Yesterday, the National Transportation Safety Board released a scathing report accusing the Federal Motor Carrier Safety Administration of critical negligence in at least four commercial bus and truck accidents it investigated. In just these four cases, 83 people were injured and 25 killed, and the NTSB charges that federal inspectors either missed or ignored obvious warning signs involving the very companies responsible.
When a passenger car collides with a commercial truck or interstate travel bus, the results are often catastrophic. The size, weight and unwieldiness of these vehicles makes creates such momentum in the crash that cars provide virtually no protection, regardless of their safety features. If a bus or truck has brake problems, or if an overworked driver is asleep at the wheel, there may be no chance to evade a serious or even deadly wreck.
The FMCSA is the division of the U.S. Department of Transportation responsible for regulating commercial vehicle safety, and it doesn’t even dispute the NTSB’s accusations. All its administrator could say in the agency’s defense is that it has stepped up its efforts to shut down dangerous carriers since 2010 — despite having only 350 inspectors to regulate 10,000 interstate bus carriers and some half a million trucking companies.
For example, the NTSB investigated a June 13, multi-vehicle truck wreck in Tennessee. In that case, a commercial trucker, who had worked 10 hours longer than legally allowed per week, crashed into a car that had slowed down due to a wreck on the road ahead. That collision caused the car to erupt into flames, killing two occupants. The truck hurtled on and struck seven other vehicles, injuring six more people.
According to the NTSB, inspectors from the FMCSA were well aware that the trucking company involved had a history of scheduling drivers for more hours than allowed by law, and also that the particular driver was a habitual violator of federal work hours regulations. Nevertheless, the agency had only performed a limited inspection on its last visit.

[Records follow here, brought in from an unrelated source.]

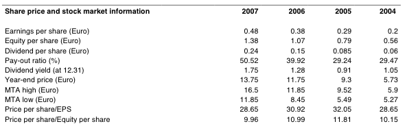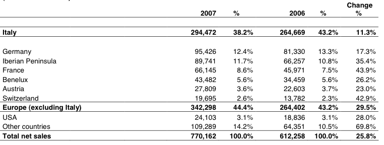 Drella März 9, 2008 · bearbeitet März 9, 2008 von Profi hey wayne, wie erkläst du dir die unterschiedlichen ergebnisse für die ratios zwischen den angaben aus dem GB und deinen ergebnissen? KBV:2004: 10.06 2005: 11.82 2006: 11.42 2007: 8.35 KGV 2004: 27.80 KGV 2005: 32.02 KGV 2006: 36.99 KGV 2007: 25.68 KGV 2008e: 15.66 KGV 2009e: 12.84 meine übersicht: das cf-wachstum ist fast schon pervers. die rentabilitätskennzahlen sind, wie von wayne schon erwähnt, sehr konstant. die ausschüttungsquote ist gemessen am wachstum extrem hoch! wenn man sich ansieht, wo der umsatz erziehlt wird, wird deutlich, wie viel potential geox nur durch expansion noch hat: --> es werden immernoch fast 40% des umsatzes in italien erwirtschaftet. der umsatz in den usa ist mit gut 3% gar nichts,... gruß profi Diesen Beitrag teilen Link zum Beitrag
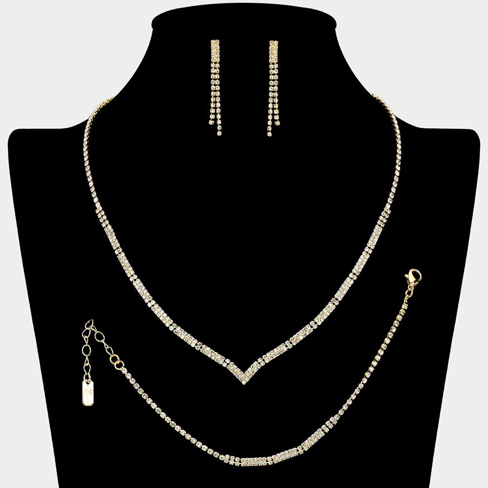 Rhinestone Paved Bar Link V Shaped Jewelry Set
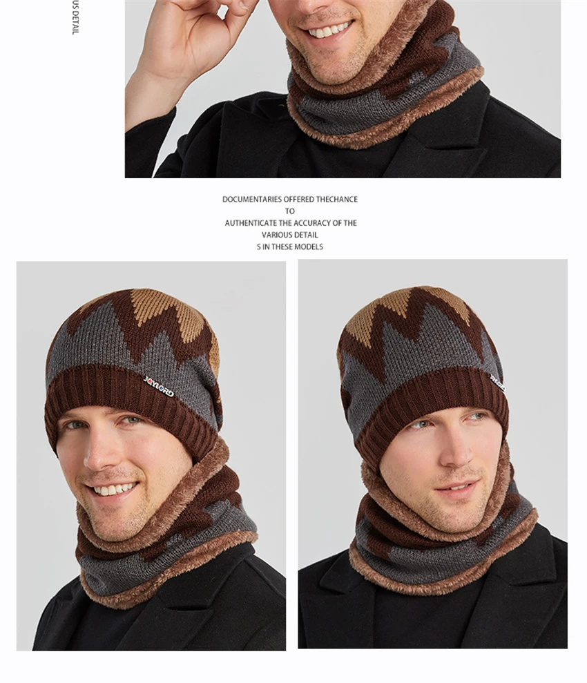 Шапка-бини трикотажная мужская с защитой от ветра и шарфом
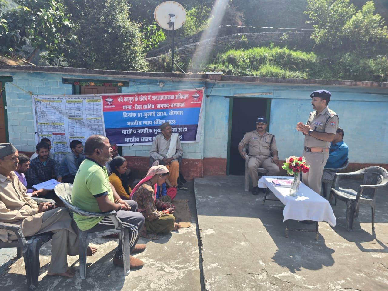 दिनांक 10-10-2024 को थानाध्यक्ष रीठा साहिब कमलेश भट्ट के नेतृत्व में उनकी टीम द्वारा ग्राम धरसो में जाकर ग्रामीणों के साथ मीटिंग कर जन जागरूकता अभियान चलाते हुए उन्हें महिला सम्बन्धी अपराध, सोशल मीडिया प्लेटफार्म के माध्यम से होने वाले महिला अपराध ,अन्य अपराध, घरेलू हिंसा के विषय में व नए कानून साइबर अपराध नशा मुक्ति अभियान आदि के बारे में जानकारी दी गई तथा किसी भी अपराध की सूचना तत्काल पुलिस को देने की अपील की गई तथा पीडित लोंगों को तत्काल सहायता प्रदान करने हेतु जारी महिला/साइबर हेल्पलाइन नं0- 112, 1091, 1930, व अन्य आपातकालीन नं0 व गौरा शक्ति एप के बारे में जानकारी दी गई इस दौरान धरासू में 02 नाली भूमि भांग की खेती को नष्ट किया गया
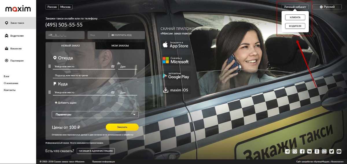 Сайт сервиса такси «Максим» https://taximaxim.ru
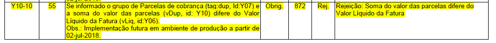 Solução: Solução 21943: a NT 2016.002 v1.51 da SEFAZ Nacional determina de que a Rejeição 851 ou 872 - Soma do valor das parcelas difere do Valor Líquido da Fatura será aplicada pela SEFAZ em ambiente de produção a partir de 02/07/2018. Segue print abaixo:

That and other slip-ups cited in its report raise “serious questions about the oversight of motor carrier operations” in the U.S., the NTSB’s chairwoman said. “They need to crack down before crashes occur, not just after high-visibility events,” she added in a statement.
These accidents are simply too serious for regulators to ignore, and highway safety agencies must be fully funded. Otherwise, the results may be tragic.